Cabrera Infante fue nombrado Consejero Cultural de la Embajada cubana en Bélgica, Pablo Armando Fernández ocupó el mismo cargo en Londres, y a mí se me ofrecía la oportunidad de trabajar en las Embajadas de México o Londres, o aceptar la invitación hecha por la Unión Soviética como corrector de estilo en el semanario Novedades de Moscú, que ese año había empezado a publicarse en español.
En estos países todas las sombras están vigiladas y protegidas y hasta el sitio y la mujer con quien fornicas tienen una posteridad asegurada en los archivos policiales; sobre todo si eres extranjero y tienes vínculos con la cultura.
No sentía entusiasmo alguno en trabajar de funcionario diplomático. Las Embajadas que conocí durante mi etapa de corresponsal en Gran Bretaña eran jaulas de gatos donde el embajador y el consejero comercial luchaban por el predominio de sus respectivas importancias, y como los funcionarios de cada centro eran nombrados por dos Ministerios diferentes, Relaciones Exteriores y Comercio Exterior, cada jefe de misión recibía órdenes y orientaciones de una jefatura diferente también. Detrás de ambos estaba, desde luego, el omnipotente Ministerio del Interior, que disponía de un treinta por ciento de los empleados, tanto en la misión diplomática como en la comercial. Más de una vez —debido a mi supuesta imparcialidad de periodista— escuché las diatribas de embajadores y consejeros comerciales acuciados por sus esposas.
De manera que decidí viajar a Moscú. Llegué en un otoño lluvioso para no tardar en entrar en el invierno permanente de Rusia.
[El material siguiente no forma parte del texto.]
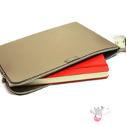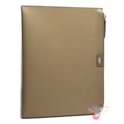 Cover Material: Bonded leather with a saffiano finish in 4 colours. Bonded leather is a reconstitued leather to give the look and feel of leather without the natural variation of genuine leather. Metal zipper

Me gustaba Moscú, me dominaba el singular embrujo con que los países totalitarios borran el fragor de las discrepancias públicas con el secreto de sus unanimidades aparentes. En estos países todas las sombras están vigiladas y protegidas y hasta el sitio y la mujer con quien fornicas tienen una posteridad asegurada en los archivos policiales; sobre todo si eres extranjero y tienes vínculos con la cultura.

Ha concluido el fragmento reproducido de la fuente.